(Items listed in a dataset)

BEGIN

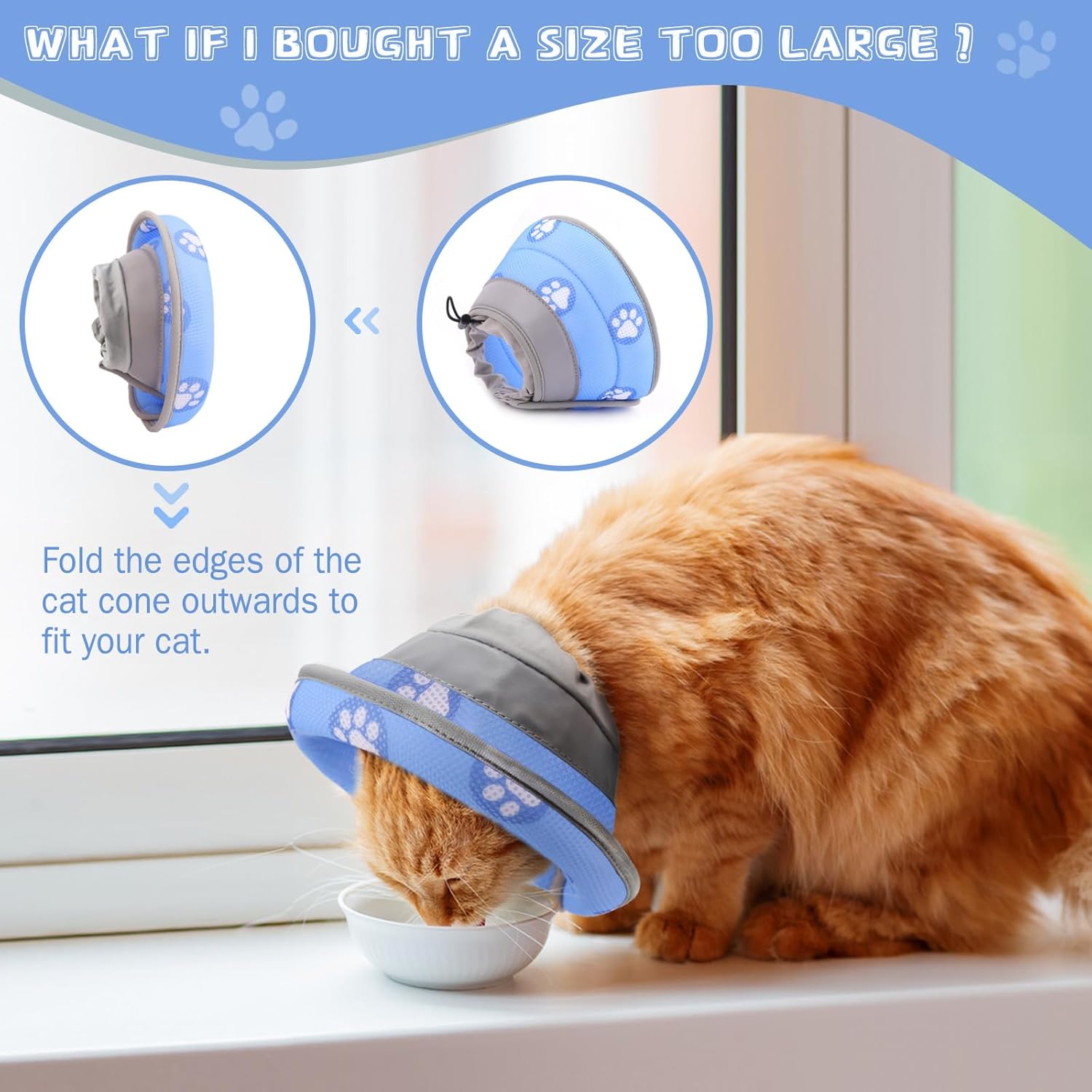 • Vision-Friendly Folding Edges - Understanding how pets dislike bulky cones that impede movement, our e collar for cats features a folding edge design that won't obstruct your cat's vision like traditional collars. This allows your cat to continue chasing butterflies, hummingbirds, and grasshoppers with ease while wearing the pet cone.
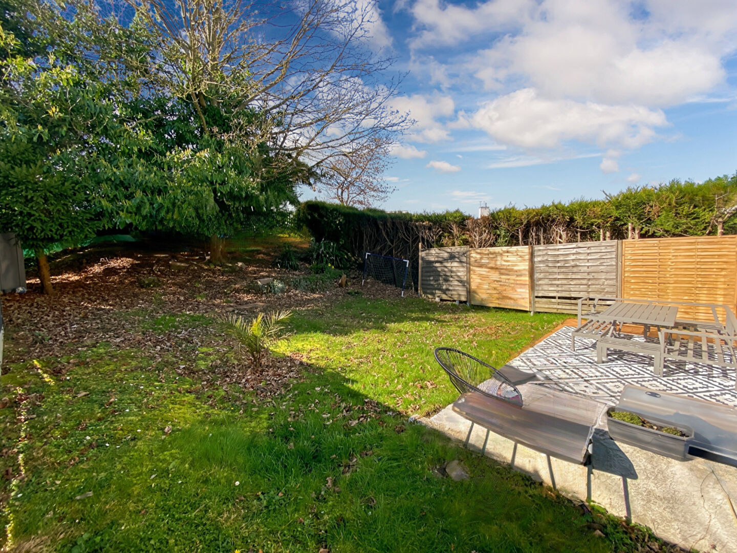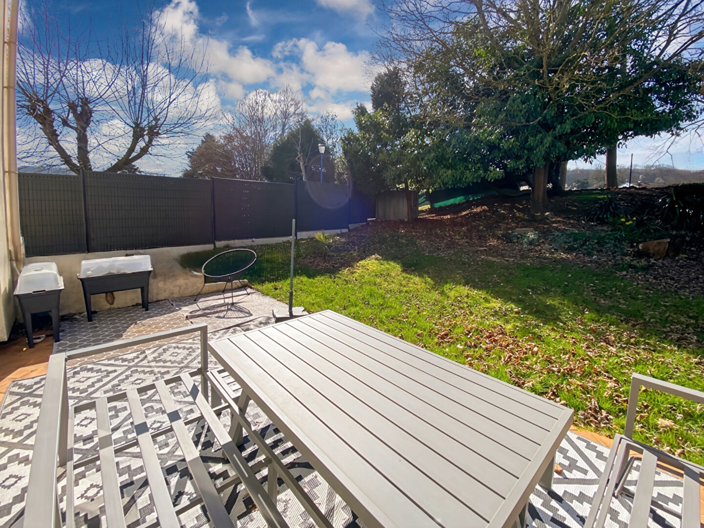 À l'extérieur, profitez d'un jardin sans vis-à-vis orienté plein sud, à l'avant comme à l'arrière, parfait pour les moments de détente en famille ou entre amis.
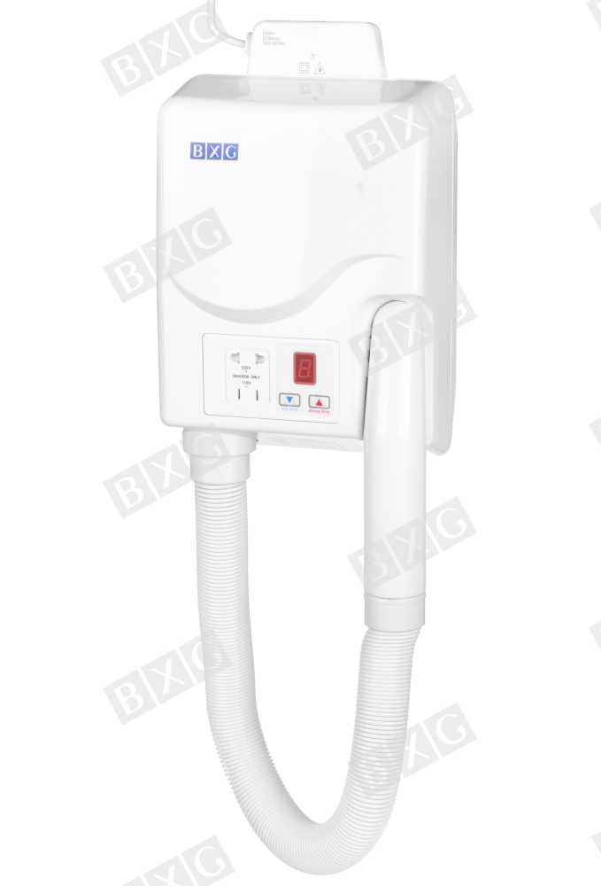 Фен настенный BXG-2000A1 имеет встроенную розетку для подключения маломощных электроприборов.
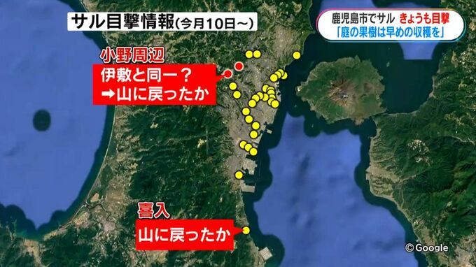 13日も鹿児島市ではサルが目撃されています。13日は午前中に、鹿児島市小野付近で目撃情報が2件寄せられています。
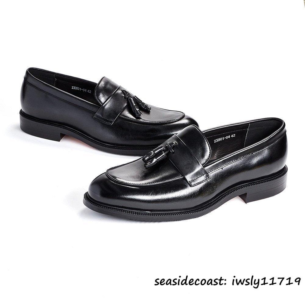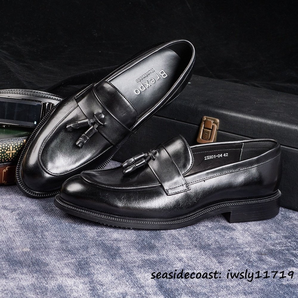定価10万超■レザーシューズ メンズ タッセルローファー 本革 職人手作り ビジネスシューズ 紳士靴 冠婚葬祭 牛革 革靴 ブラック 25.5cm
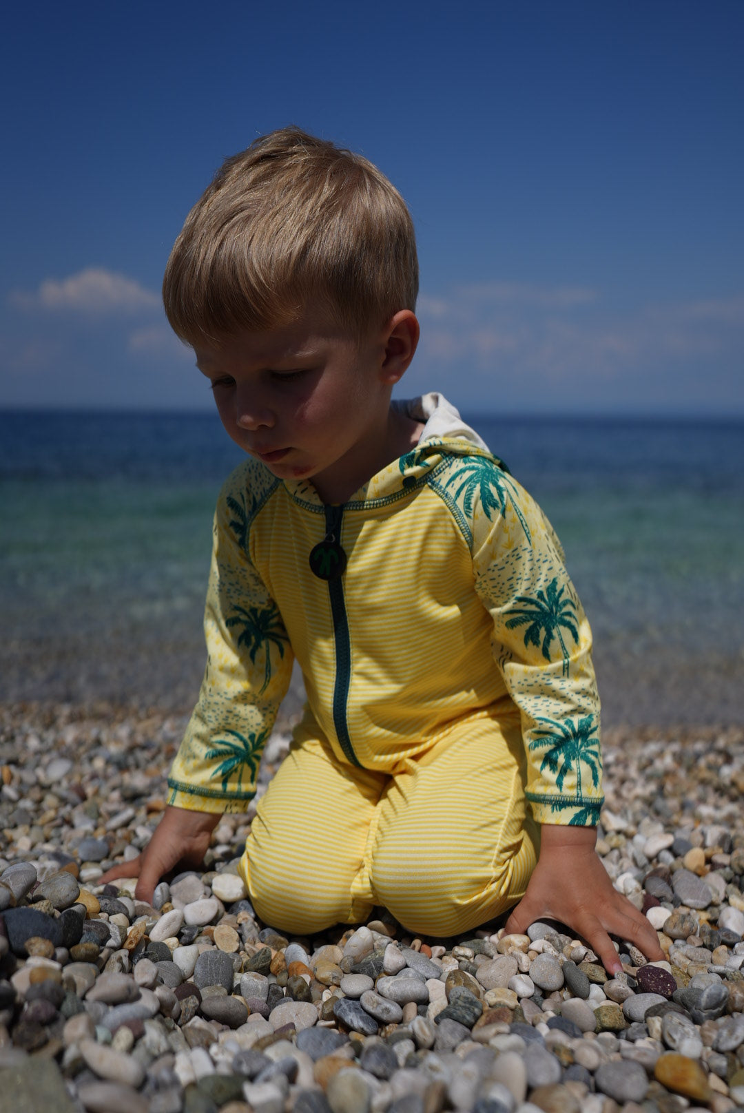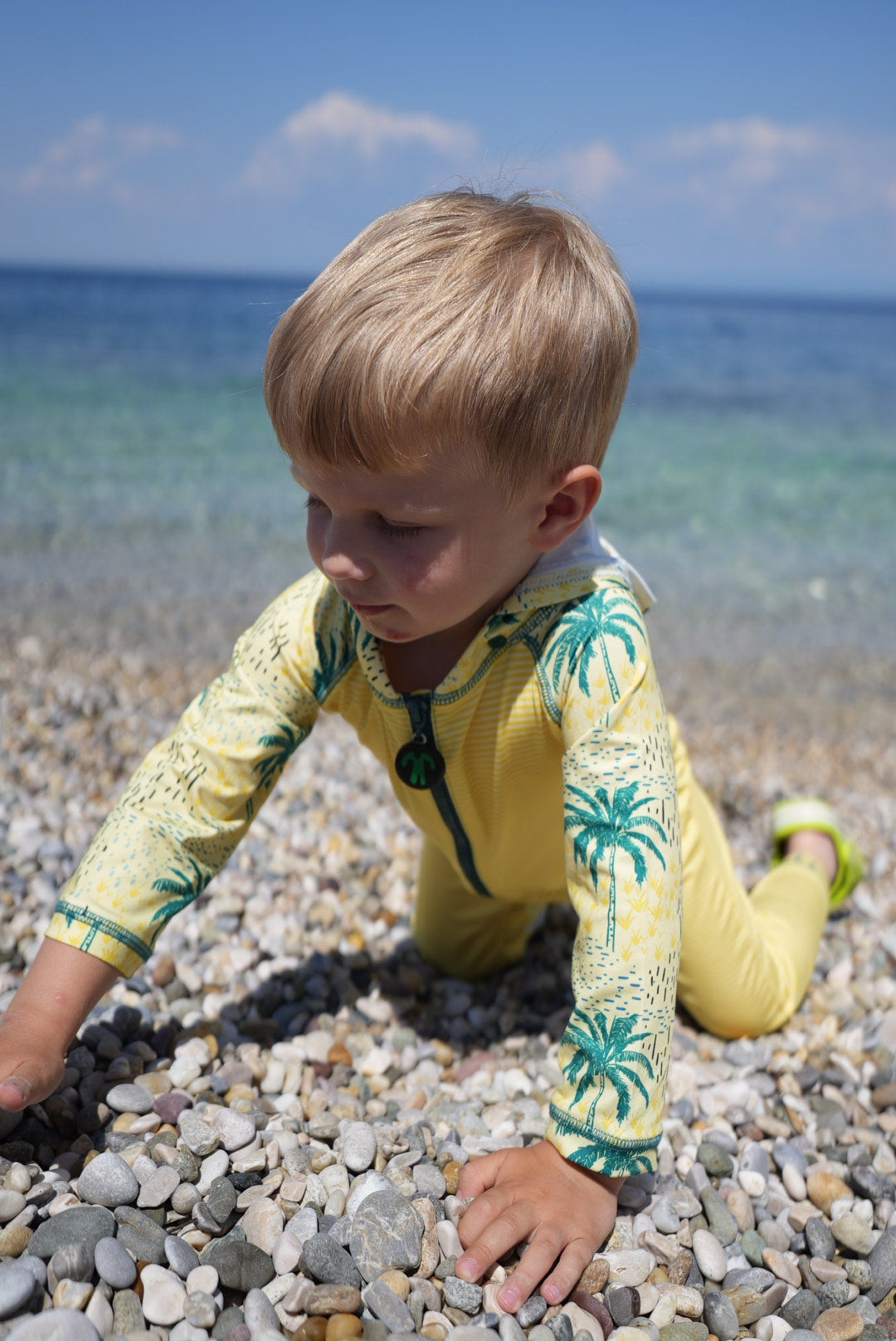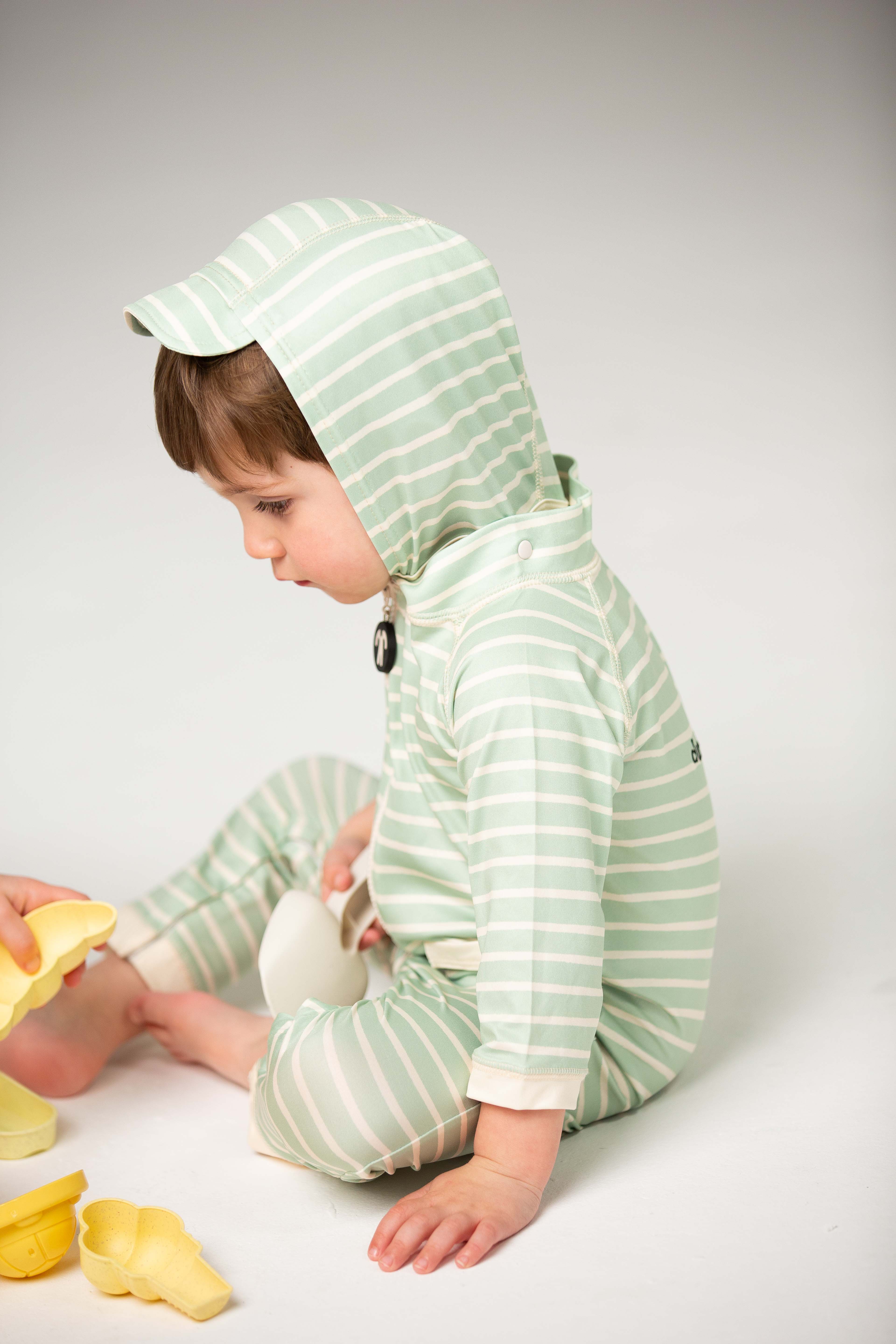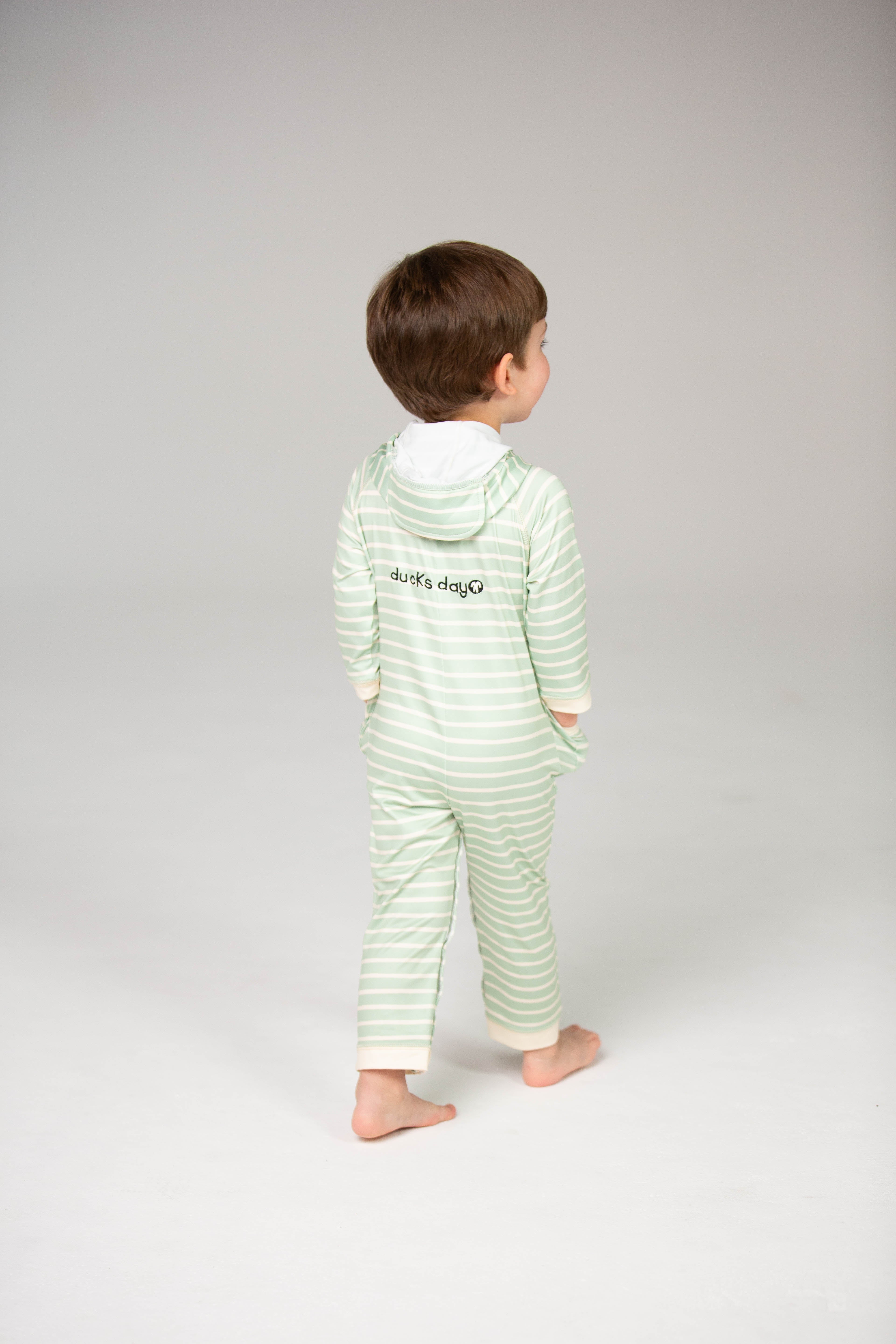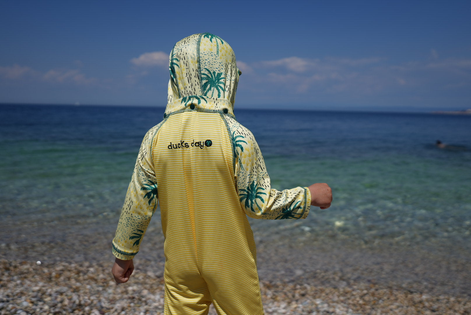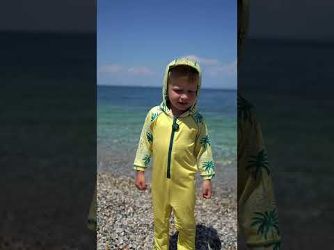 Het lange UV-beschermende lycra pak in originele Ducksday-print biedt volledige bescherming tegen de zon! Klaar voor dagen vol waterplezier op het strand of aan het zwembad zonder zorgen. Bovenop is het lycra pak voorzien van een afneembare capuchon ter bescherming van de nek, handige drukknopen voor een snelle luierwissel en een extra lange ritssluiting. Bovendien droogt het pak binnen enkele ogenblikken na een verfrissende plons!

END

=== TASK DESCRIPTION ===
Nothing but the lines from the line containing "定価10万超■レザーシューズ メンズ タッセルローファー" through the end of the data, both ends included, is to be reproduced, exactly as written and without the pictures.

=== RESULT BELOW ===
定価10万超■レザーシューズ メンズ タッセルローファー 本革 職人手作り ビジネスシューズ 紳士靴 冠婚葬祭 牛革 革靴 ブラック 25.5cm
 Het lange UV-beschermende lycra pak in originele Ducksday-print biedt volledige bescherming tegen de zon! Klaar voor dagen vol waterplezier op het strand of aan het zwembad zonder zorgen. Bovenop is het lycra pak voorzien van een afneembare capuchon ter bescherming van de nek, handige drukknopen voor een snelle luierwissel en een extra lange ritssluiting. Bovendien droogt het pak binnen enkele ogenblikken na een verfrissende plons!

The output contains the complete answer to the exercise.